Thoughts on Writing: Diamond Polishers and Vomit Drafters

They say that writers come in two flavors: Diamond polishers and vomit drafters. Let me explain.

Have you ever been sitting at your desk, trying to write one single paragraph, but then found yourself meticulously fiddling with every single shred of a word and each and every sentence until you finally got rid of the feeling that something just doesn’t feel right yet? Chances are you’re a diamond polisher.

Or, are you the kind of person who just loves to get lost in writing, quickly entering that state of flow, where words just pour out in one creative burst? That’s a vomit drafter.

Of course, the reality is much more nuanced. We are all diamond polishers to a certain degree and we all might have days on which we spit out quick drafts more easily. But is there a right way to approach writing? Is it better to be a diamond polisher or should everyone become a vomit drafter? As often, the answer is: It depends.

First and foremost, we are all different and you should go with the approach that you feel comfortable with and that produces the best results in your case. There are, however, certain things that both types of writers should be aware of and there is always room to grow. Even more so, if you don’t feel comfortable with how you approach writing at the moment or simply don’t get the results you want.

If you are more of a diamond polisher, it is obvious that you care deeply about every word. And that is fine. Language has its subtle nuances and in many cases there is indeed the perfect word that exactly expresses what you want to say. Being precise and clear in what you say should always be the goal. But this attention to detail can also block you. If your first sentence isn’t right already or you only manage to get one short paragraph done in over an hour, being a diamond polisher can be a curse that keeps you from progress. In the worst case, you get frustrated, stop publishing your work, and lose interest in writing altogether. Diamond polishers should therefore remind themselves from time to time that perfection is a myth and that how they say something might not be as important as saying it in the first place. It can be extremely liberating to let go of the idea that the first draft of a text has to be perfect, already. You will have to edit your piece anyway, so why not try to start with a shitty first draft the next time you sit down to write? I used to be a heavy diamond polisher myself but I found that forcing me to write quicker drafts helped a lot to increase the rate at which I publish on my site. It also makes it easier to let go from bad ideas. As Hugh Howey notes, it’s often better to delete entire chapters and start with a blank page than it is to fix a story that’s gone awry. And it is extremely hard to kill your darlings once you’re busy polishing diamonds.

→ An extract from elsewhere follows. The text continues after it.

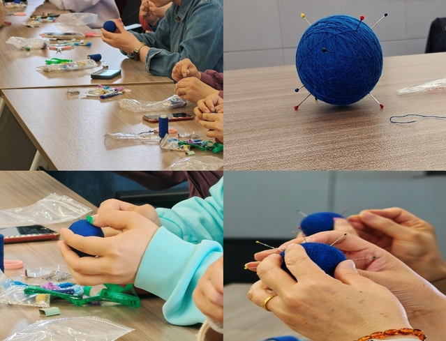 在手鞠球技藝的課堂上,指導老師詳細闡述了手鞠球起源于唐代的悠久歷史背景及其所蘊含的美好寓意,并對教職工進行了纏繞、分球、刺繡等基礎技藝的指導。老師們通過彩線纏繞制作出精致的圖案,體驗到了指尖藝術的美感。該活動不僅提高了參與者的實踐技能,還使他們得以近距離感受非物質文化遺產的獨特魅力,從而豐富了文化生活的內容。

So should we all become vomit drafters, then? Not so fast! Writing quick drafts has its advantages, but never forget: Very few people vomit diamonds and you are most likely not one of them. Your draft might have a nice beginning and a compelling end and it might already look quite complete, yet it is still a draft that needs further refinement. The process of rigorously editing your work is extremely valuable. So don’t forget to take a step back and critically review your piece. Where could you be more clear? Which parts could be cut or rewritten to get your point across? What parts of your text might even be unnecessary? As a vomit drafter, you can produce quantity. Now, make sure that you also publish quality.

In the end, it comes down to one central question: Are you front- or back-loading editing? There certainly is a point to be made for writing quicker drafts and separating the process of drafting from editing your work. But this is not to say that you should stop polishing diamonds altogether, if that’s just how you roll. Whatever type of writer you are, make sure that your process allows you to be flexible and that editing is part of your routine. Whether you do your editing earlier or later in the process is not that important – as long as you’re doing it. And then, hit publish.